Closed Miking98 closed 2 weeks ago
I think giving users the option to do this as far upstream as possible is helpful because then they can be confident that any downstream analyses won't have to consider whether they're dealing with source v. standard concepts, and can just rely on the fact that this conversion was done earlier.
This is helpful when someone is creating an extract that they know they want to use standard codes, and only standard codes.
At the very least, I don't think adding an optional flag is harmful, and it's simpler to do it here.
At the very least, I don't think adding an optional flag is harmful, and it's simpler to do it here.
From a practical perspective, this option flag would double the number of MEDS datasets that need to be maintained if there exists any code that expects it to be set.

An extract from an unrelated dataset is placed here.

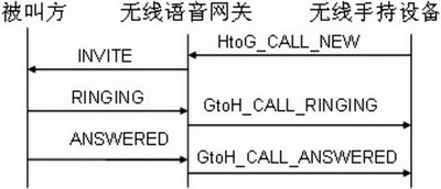 當(dāng)用戶通過無線手持設(shè)備撥打一個號碼時,無線手持設(shè)備將發(fā)送一個HtoG_CALL_ NEW的內(nèi)部會話信令連同呼叫的號碼給無線語音網(wǎng)關(guān),無線語音網(wǎng)關(guān)收到該信令后,將根據(jù)該信令構(gòu)造相應(yīng)的SIP消息并發(fā)送到外部網(wǎng)絡(luò)。當(dāng)無線語音網(wǎng)關(guān)收到來自被叫方表示振鈴信息的暫時應(yīng)答RINGING時,將發(fā)送一個GtoH_CALL_RINGING的內(nèi)部會話信令給手持設(shè)備。當(dāng)無線語音網(wǎng)關(guān)收到來自被叫方表示應(yīng)答的信息ANSWERED時,語音網(wǎng)關(guān)將啟動RTP線程并發(fā)送一個GtoH_CALL_ANSWERED的內(nèi)部會話信令給手持設(shè)備以通知被叫方已應(yīng)答。此時手持設(shè)備開啟語音進(jìn)程,與被叫方實(shí)現(xiàn)通話。

So we would burn twice as much disk, twice as much bandwidth, etc, etc.
I don't want people to be in a situation where they needs MEDS extract A to run model X and MEDS extract B to run model Y, where A and B have mutually incompatible flags.
And, as far as I can tell, there is still zero benefit to doing this here. If you need the OMOP concepts, MEDS gives you all the tools to get those. You don't need to remove the source codes to get access to the OMOP concepts.

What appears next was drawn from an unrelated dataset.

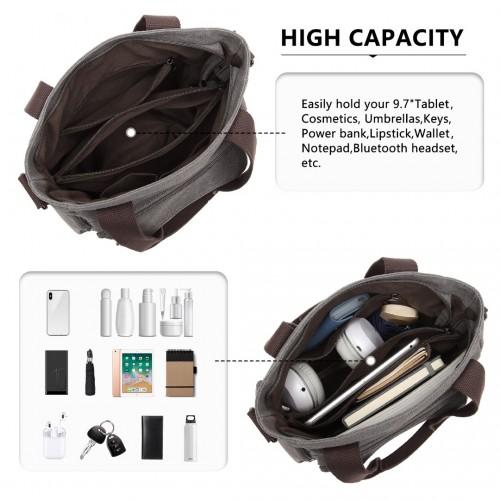 EB2125 - Kono Large Capacity Multi Compartment Canvas Crossbody Tote Bag - Grey

then they can be confident that any downstream analyses won't have to consider whether they're dealing with source v. standard concept
This is false
There are two types of analysis. Analysis that is ontology sensitive and analysis that is not ontology sensitive.
In the current setup ontology sensitive code can easily transform the input into whatever ontology it needs for analysis.
In your proposed setup, ontology sensitive code will require the whole dataset artifact to have a particular ontology structure. Which will cause confusing failures and issues if you are mixing code that has different ontology assumptions.
Ontology sensitive code in both setups will require special care.
I'm really not a fan of this sort of change.
It's both:
Better handled in user code
Adds additional complexity and artifact diversity
This change will make it harder to write generic code while also not enabling any new features.
@Miking98 Can you articulate why this needs to be done in the ETL and cannot be done in user libraries (like femr)